The rush to reproduce these less desirable experiences in VR is utterly depressing, and for that matter the descriptions of The Street in Snow Crash didn't sound that appealing to me either.
There's a happy medium where the scarcity is logarithmic rather than volume versus area (what is that, n^2/3?).
You could have a row of clubs on The Street that are proportional to each other but not to their interiors. All clubs are 5 meters wide. Large clubs are 7 meters wide, and massive clubs go to 10. You can look at the outside and predict what's going on beneath without walking by a SuperWalmart.
And then I believe it's in Neverwhere (?) where parts of the spaces of the Underground are borrowed from other places. So the average density is always the same but pockets can still be made.

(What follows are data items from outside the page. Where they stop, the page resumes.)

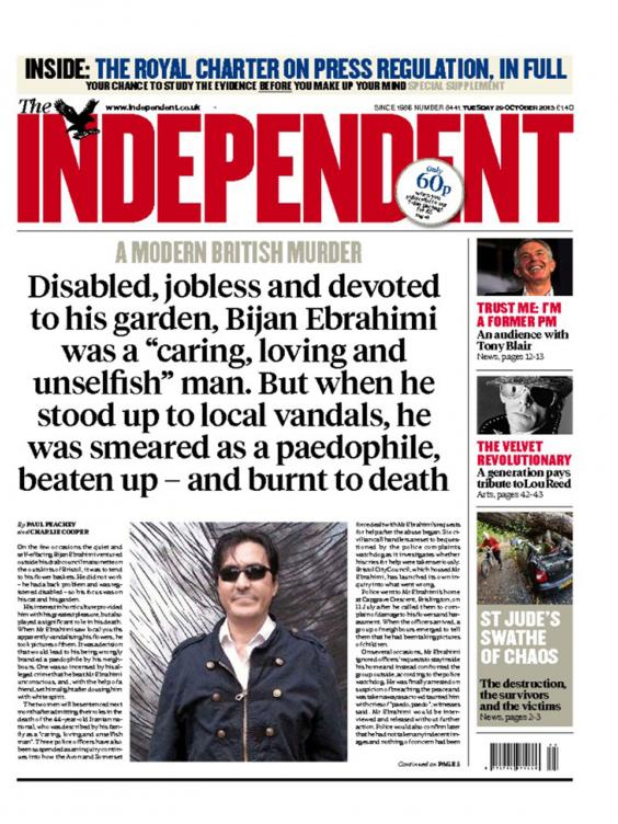 The exchange summed up the attitude towards the disabled Mr Ebrahimi, who had problems with his mobility, by officers from the force. Three days after the episode, the Iranian-born Mr Ebrahimi was dead, released without charge and murdered by the same intruder who had wrongly branded him a paedophile and helped to whip up a vigilante mob against the 44-year-old outside his home in Bristol.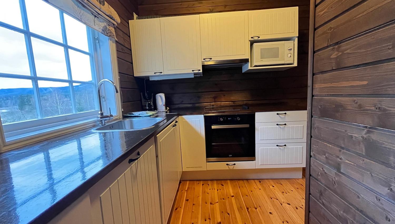 From the cabin you have a view of Hunderfossen family park and Gudbrandsdalslågen. The cabins have a simple standard and there is parking right next to the cabin. The bathroom has been renovated in the autumn of 2021.
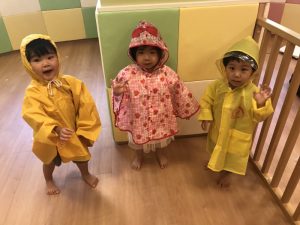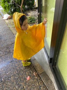 お家で用意してもらったレインコートを着て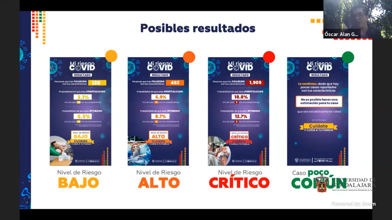 El Rector General de esta Casa de Estudio, doctor Ricardo Villanueva Lomelí, aseguró que es una herramienta para que las personas conozcan las proyecciones reales de sufrir una complicación en caso de contagiarse con el SARS-Cov-2, y que será útil para hacer conciencia del riesgo que corren cuando acuden a reuniones o a actividades no esenciales en el momento crítico que vive la entidad por la alta incidencia de casos positivos y hospitalizaciones.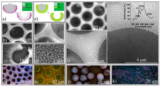 However, though their quality is low and both the Na2SiO3 and the TiO2 precursor produce structures with many defects, they still generate the Bragg diffraction of light (Figure 5d). These extensive defects are due to the incomplete infiltration of precursor solutions, heat treatment inducing the shrinking phenomenon associated with multiple cracking generation, as well as the inherent appearance of an overlayer, a frequent phenomenon that also occurs in the case of classical rectangular block opals and is difficult to cancel. However, during the experiments we noticed the possibility of obtaining polystyrene inverse-opals where the infiltrated material between the silica spheres derives from the large polystyrene spheres via melt infiltration from inside the film, as suggested in Figure 5e. We found that an array of PS and silica spheres (such as the one in Figure 2) that are kept in the oven at a temperature at which the polystyrene becomes liquid turn into an array of cavities with polystyrene that is completely infiltrated among the silica spheres (Figure 5f–h). High quality inverse opals resulted from the dissolution of the silica spheres with aqueous HF (Figure 5i). Through these structures the light can be transmitted (Figure 5j) or reflected (Figure 5k). Reflection spectrometry performed on such inverted opals (inset Figure 5i) reveals the existence of five band gaps placed at: λ1 = 420 nm, λ2 = 475 nm, λ3 = 590 nm, λ4 = 684 nm, and λ5 = 856 nm. By using Equations (1) and (2) for: m = 1; D = 264 nm; f = 0.74; n1 = 1 (air refractive index); n2 = 1.55 (polystyrene refractive index); and θ = 0 we can identify the planes family of an fcc lattice that is responsible for the existence of the following: λ1 (calculated) = 426 nm and corresponds to the (200) planes family; λ2 (calculated) = 491 nm and corresponds to the (111) planes family; λ3 (calculated) = 602 nm and corresponds to the (110) planes family; and λ5 (calculated) = 851 nm and corresponds to the (100) planes family. We failed to attribute a theoretical Bragg band gap correspondence for λ4 = 684 nm.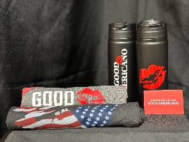 2 coffee tumblers, 2 shirts, and a $40 gift card to Good Americano
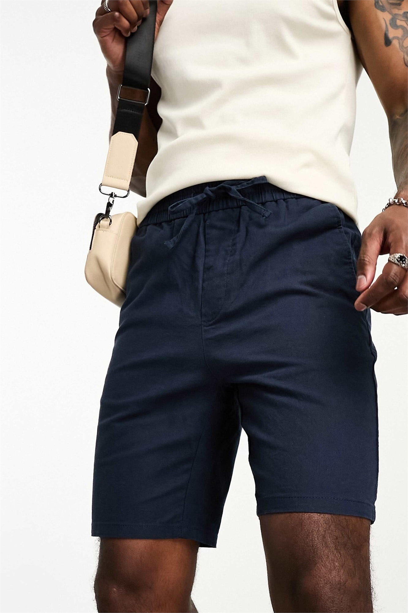 Шорты из смешанного льна с завязками на талии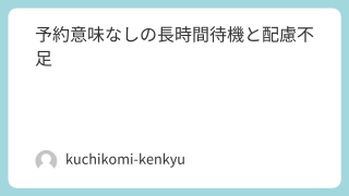 クチコミ研究® 待合室の混雑と治療拒否への不信感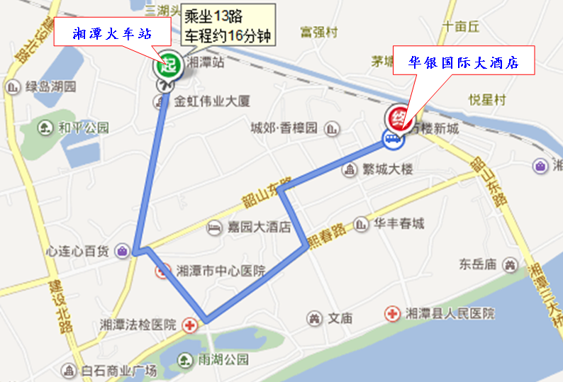 1) 乘出租车:湘潭火车站—湘潭华银国际大酒店(车程用时8分钟,费用约10元);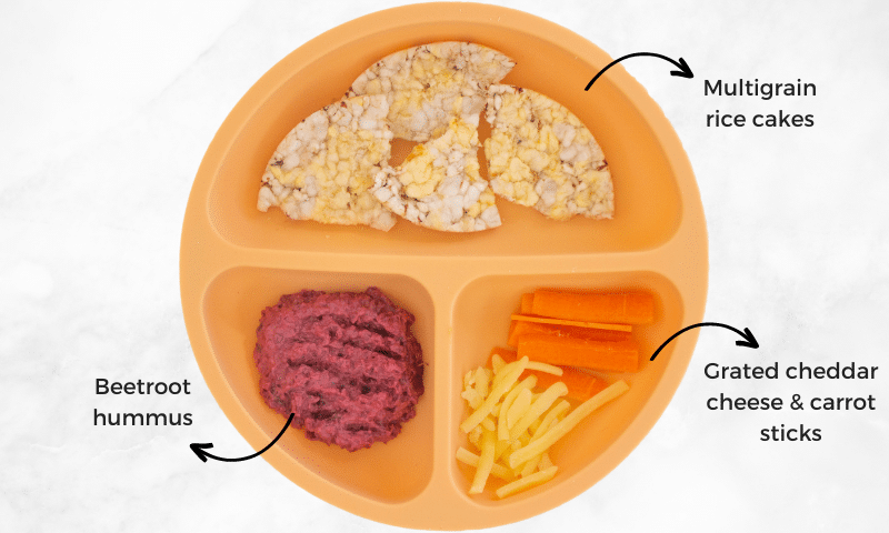 Beetroot Hummus + Rice Cakes + Cheese + Carrot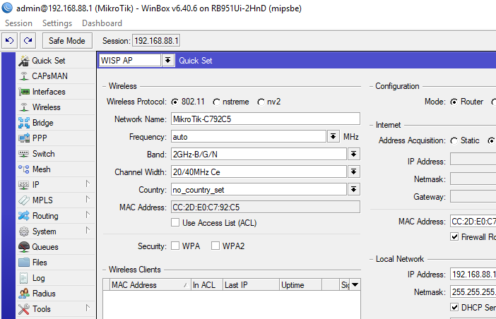 Подключение будет осуществляться к роутеру MikroTik 951Ui 2HnD, который находится в работе в локальной сети нашей организации и лежит за подвесным потолком. Кабель ЛВС подключен во второй порт роутера. Настройки роутера временно сброшены на заводские.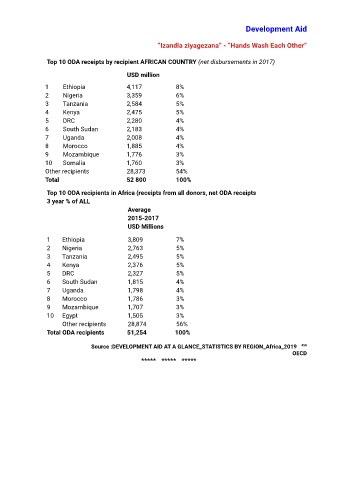 Top 10 ODA receipts by recipient AFRICAN COUNTRY (net disbursements in 2017)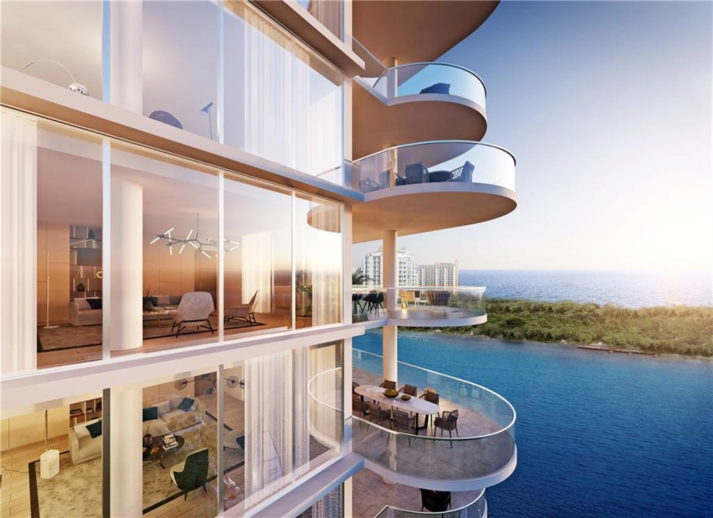 AQUABLU A NEW CONSTRUCTION CONDOMINIUM ON THE INTRACOASTAL WATERWAY, CONTEMPORARY DESIGN. UNOBSTRUCTED VIEWS OF THE OCEAN, INTRACOASTAL & CITY SKYLINE. 3BR, 3.5BA, GREAT RM, FAMILY RM, 10' CEILINGS, CULINARY KITCHEN: WOLF & SUBZERO APPLIANCES (INDUCTION COOKTOP), 2 OVERSIZED BALCONIES W/SUMMER KITCHEN, FURNITURE READY, FITNESS CENTER, SALT WATER CHLORINATED HEATED POOL, DOCKAGE AVAILABLE, VALET & CONCIERGE. WALK TO THE BEACH, SHOPS & RESTAURANTS. (OWNER FINANCING) SQ. FT FROM DEVELOPER BELIEVED ACCURATE.
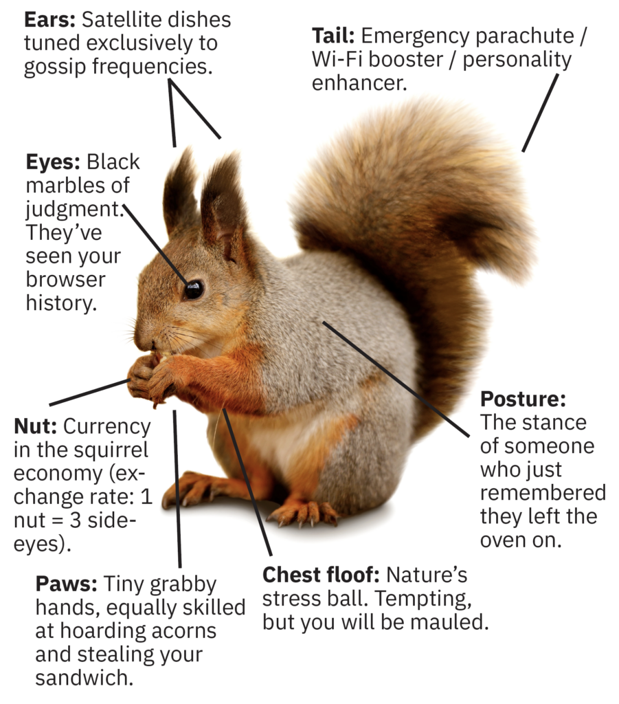 Like bird watching, but with less grace and more chaos. Squirrel watching is the recreation of observing nature’s twitchiest little weirdos as they scream silently, commit petty theft, and attempt parkour stunts they clearly weren’t trained for.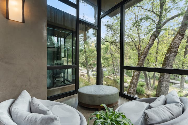 Designed by Conrad Asturi and inspired by Frank Lloyd Wright’s “Fallingwater,” this luxury Yosemite Airbnb seamlessly blends into the natural landscape with floor-to-ceiling windows, warm lighting, and high-end finishes. Hundreds of feet of riverfront, a private waterfall, and an islet offer a truly immersive & intimate experience with nature.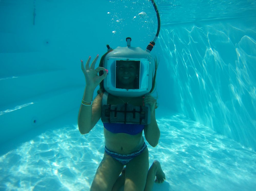 Als Letztes, ihr müsst euch auch Gedanken über das Gewicht machen! Der Anzug muss so voluminös sein, dass der Taucher aus der Blase im Anzug atmen kann, das wird einen beträchtlichen Auftrieb erzeugen. Ganz ohne Ballast wird das nicht gehen. Leider fehlt auf den gezeigten Bildern dazu jeder Hinweis - oder ich kann ihn nicht erkennen.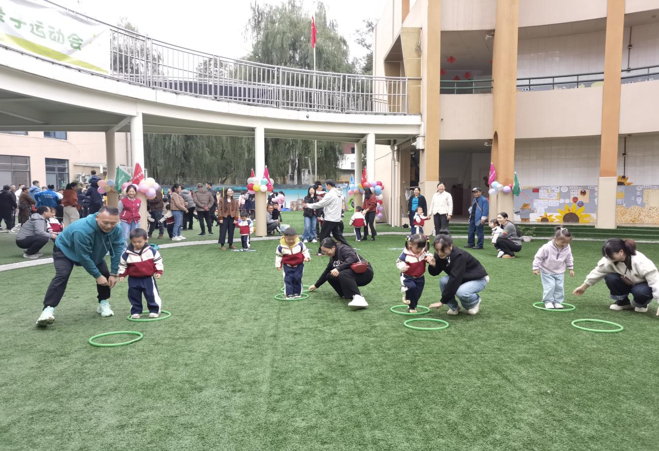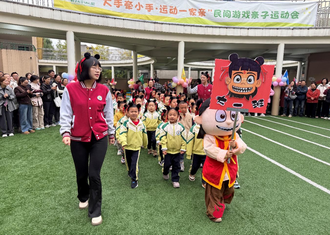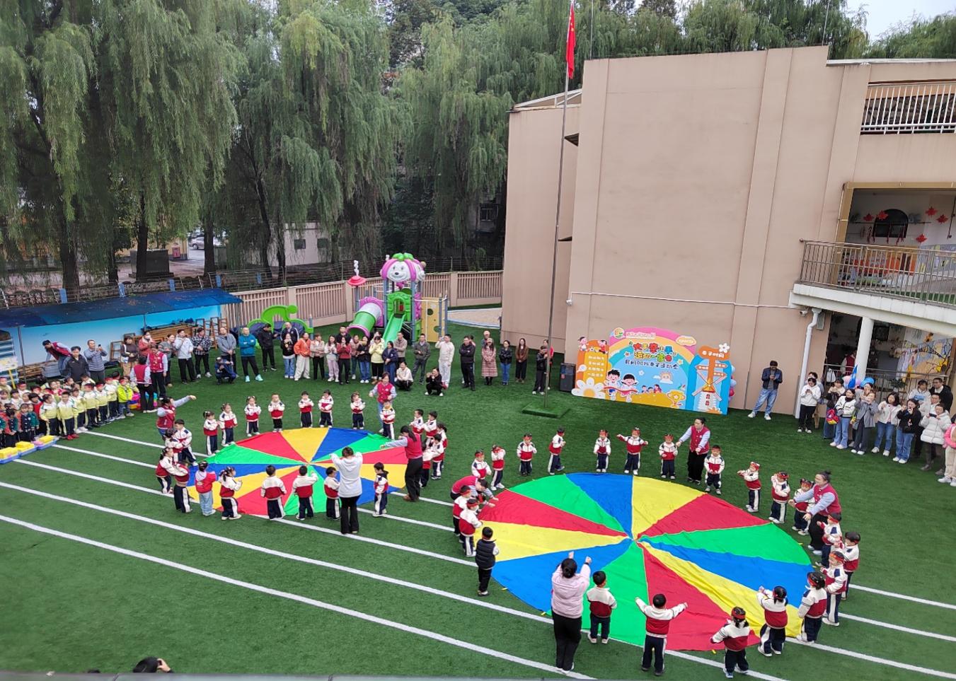 金秋时节,恰逢立冬。在初冬的微凉中,幼儿园的操场上欢声笑语一片。11月7日上午,第三届“大手牵小手∙运动一家亲”民间游戏亲子运动会在全园家长和师幼的期待下如期举行,运动会旨在增强幼儿对体育运动的热爱,培养他们勇敢坚强的意志品质,促进家园携手、传承经典文化,共同体验民间游戏的快乐。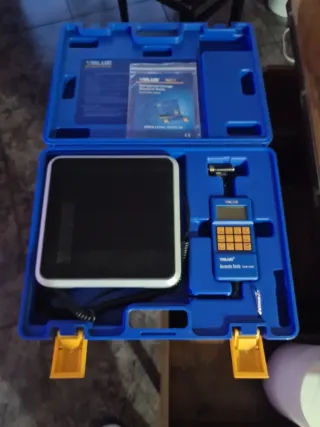 Balanza digital Value para refrigeración, ideal para trabajos con gases refrigerantes. Se presenta en un maletín azul para su transporte y protección. - Maletín de transporte azul. - Pantalla digital. - Teclado numérico.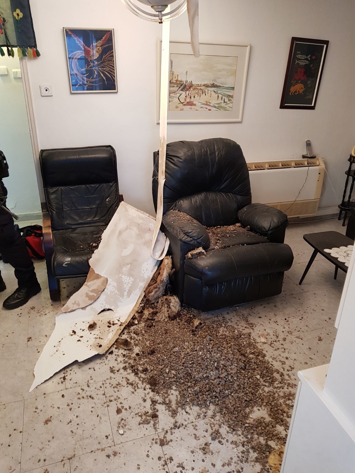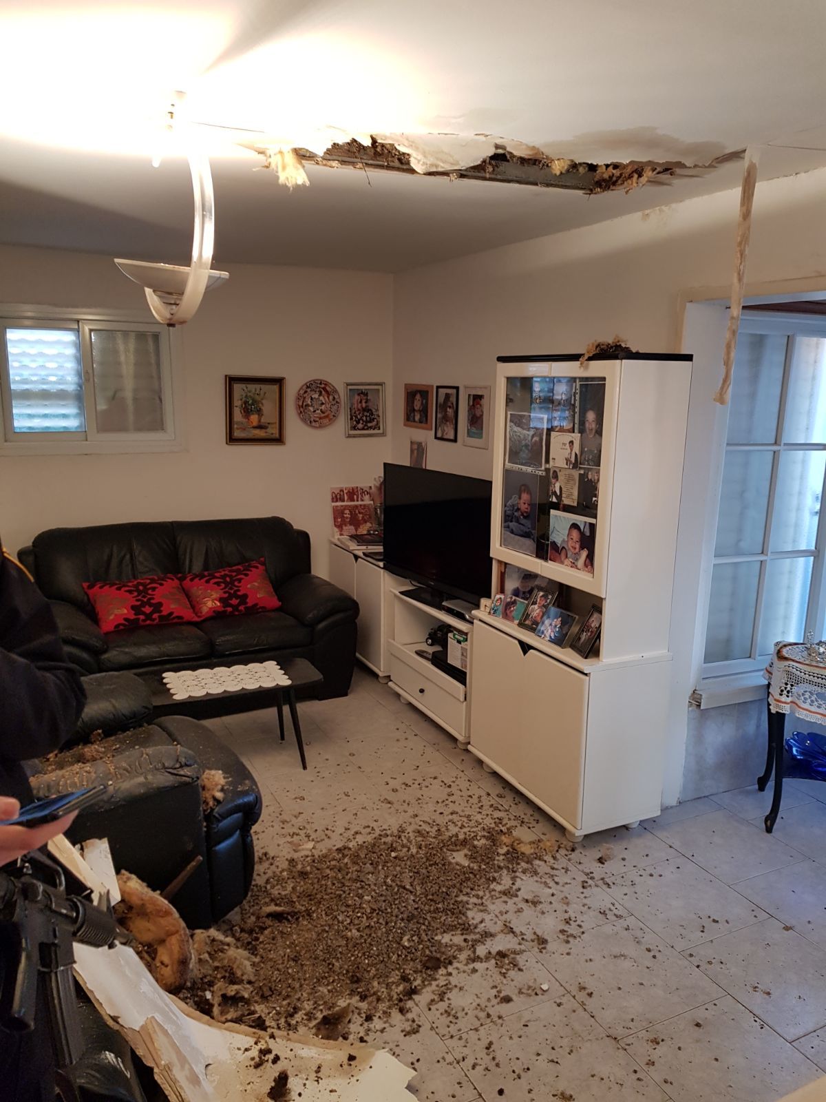 תקרת גבס קרסה בתוך בית בשכונת רביבים. בנס קשישה בת 90 לא נפגעה.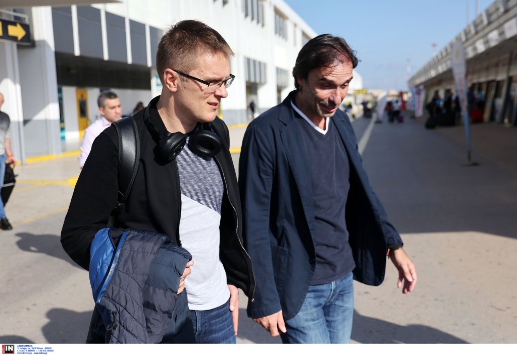 Στο αεροδρόμιο τον υποδέχτηκε ο Ηλίας Πουρσανίδης, ενώ μαζί με τον Νταμπράουσκας ήρθε και ο Μάριους Σκιντέρις, ο οποίος θα είναι άμεσως συνεργάτης του.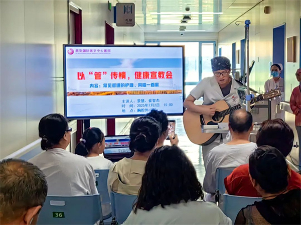 宣教會(huì)現(xiàn)場(chǎng)還充滿了溫暖的音符。崔智杰護(hù)士巧妙地將音樂療愈融入護(hù)理關(guān)懷,為在場(chǎng)患者深情彈唱了《隱形的翅膀》和《月亮代表我的心》。他表示:“醫(yī)護(hù)人員和家屬的心愿是一樣的,都期盼患者早日康復(fù)。希望音樂的感染力能為他們?cè)鎏響?zhàn)勝病魔的力量。”歌聲不僅傳遞了關(guān)懷,也進(jìn)一步拉近了護(hù)患距離,增強(qiáng)了患者積極面對(duì)疾病的心理建設(shè)。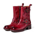 The leather texture of these boots emits a captivating sheen under the light, complemented by eye-catching metal buckles and studs that not only give the boots a bold, rugged vibe but also make the overall design unique and daring.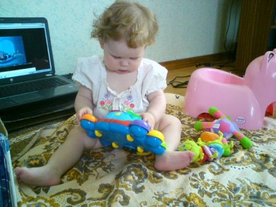 Вот такая моя толстушка!)) Обожает играть.. Рожицы корчить!!)))) Вот так ездить в коляске и смотреть на колеса.. Ездить на новом горшке отталкиваясь ногами!))) А еще у нас новый папа!)))) |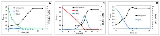It is worth noting that these experiments confirmed the fact that the maximal cell growth of P. pseudoalcaligenes with FFA was higher than with F followed by FA (Table 2).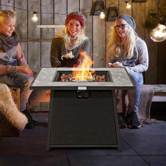 35 Inch Propane Gas Fire Pit Table Wicker Rattan with Lava Rocks PVC Cover-Black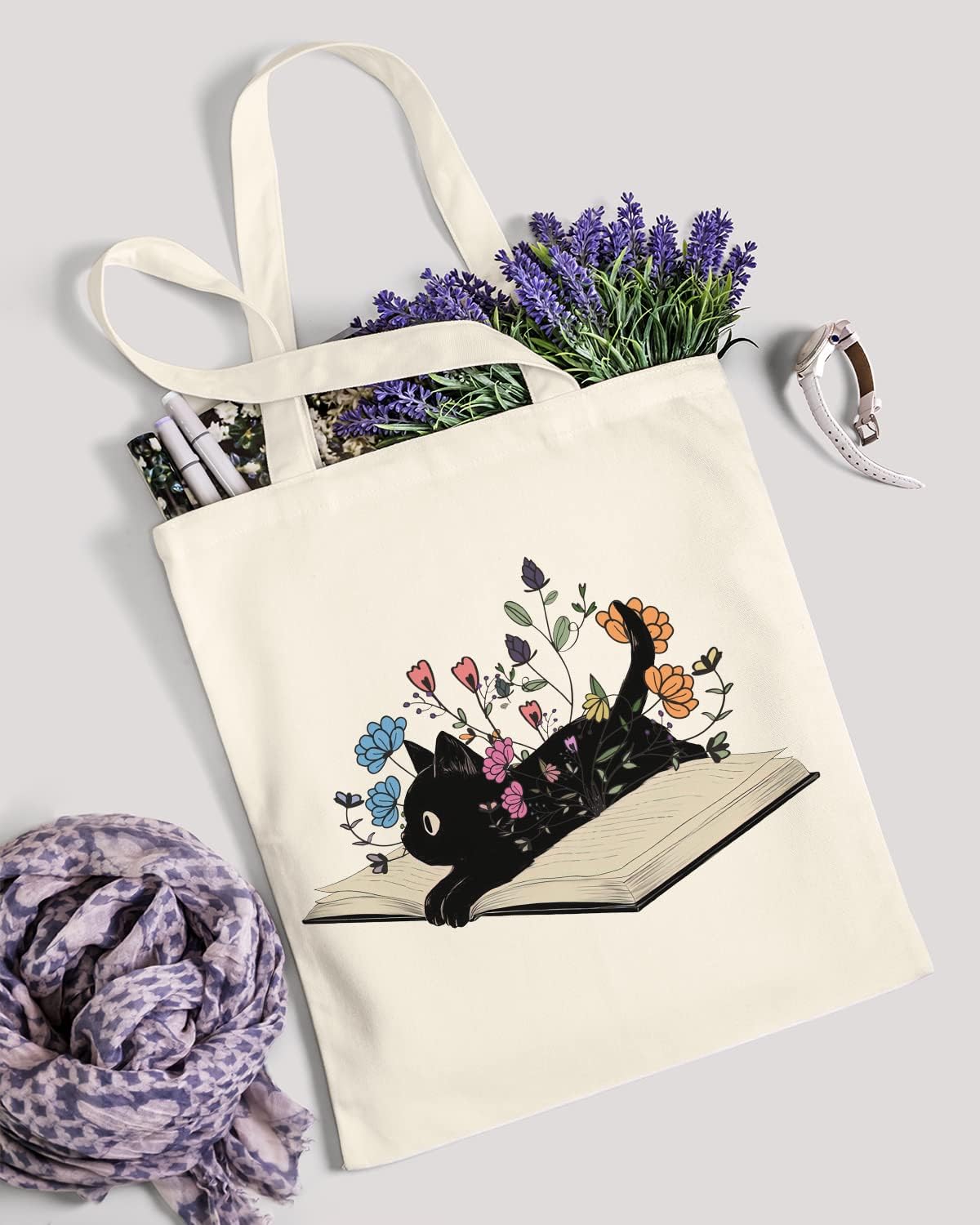 AUSVKAI Canvas Tote Bag Aesthetic for Women, Cute Reusable Cloth Cotton Bags for Shopping Beach Grocery

If you're worried about how to handle physics, a really simple solution here would be to slice your VR onto multiple planes of existence, from outside to inside. You have a virtual street full of fifty businesses, you can lay out the insides of the business into a Euclidean space, and then doorways are wormholes from a less dense plane to a more dense one, so you can walk around the block faster than you can walk through one of the buildings. Recurse that for as many layers of tesseract as you want to implement (why not rooms in the building that are bigger than the inside of the building too?). But once you've broken 1:1 people are going to want to change their minds, so you might be better off using some sort of graph to represent space instead of a 3d matrix.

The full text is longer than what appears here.